第一の方法は、利益を一番に重視しないことだ。特に、新聞やテレビなどは、社会の不正や違反を社会的に監視していく公益的機能を担っている。利益を最重視してばかりのマスコミのみでは必然的に報道の内容もトーンも偏向的になってしまう。それは、利益を重視するSNSの動画の多くが人々にとって耳障りがよく、受けやすい報道をするために事実を曲げて伝えていたり、強力なバイアスが入っていたりするのを見れば明らかである。私が読んだ本によれば、水俣病やエイズなども新聞社は情報を握っていたにもかかわらず大々的に報じなかったこともあり、被害が拡大してしまったのだという。国民に必要な、正確な事実と様々な視点からのその事実の解釈を提供し、国民の判断材料を増やしていくマスコミの本来の使命を意識することが大切だ。
第二の方法は、国民が自身の信条とは相容れない意見でも頭から跳ね除けないことだ。人間はどうしても自分の信じている事に対する否定を受け入れられない性質がある。しかし、かといって真っ向から批判を拒否しては進歩につながらない。例えば自身がスポーツ選手だったとして、上達するには他の人からの客観的な批評が必要なのと同じだ。そしてたいていそこには否定が多かれ少なかれ含まれている。そしてその否定と改善法を受け入れる事で前へ進んでいく。同様に、報道においても同じトーンのニュースばかりを受け入れていては自身の中の偏見や差別は増長されていく一方だ。様々な視点を受け入れる事でより客観的に、事実を正しく認識することができる。

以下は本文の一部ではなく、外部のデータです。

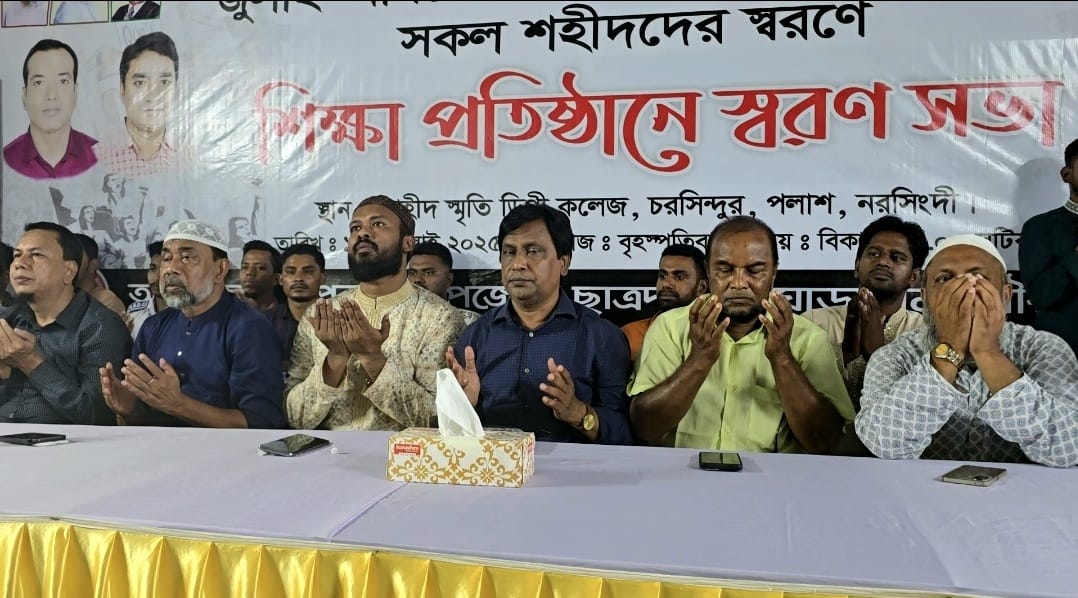 জুলাই-আগষ্টের ঐতিহাসিক গণঅভ্যুত্থানে সকল শহীদের স্মরণে স্মরণসভা করেছে নরসিংদীর পলাশ উপজেলা ও ঘোড়াশাল পৌরসভা ছাত্রদল।

確かに、大きな世論の流れにはどうしても影響されてしまうのは致し方ない。また、言論の自由が保障された今だからこそこのようなことが言えるが、言論統制下では政府の意向に従うのはやむを得ない。日本でも戦前戦中は新聞紙法などで言論統制が敷かれ、検閲が行われていた。しかし、少なくとも現代の日本でのマスコミはその限りではない。反体制的、弱者に寄り添った報道が絶対的な正義だという考え方を捨て、それぞれが独自の考え方の下で情報を伝えていくのが大切だ。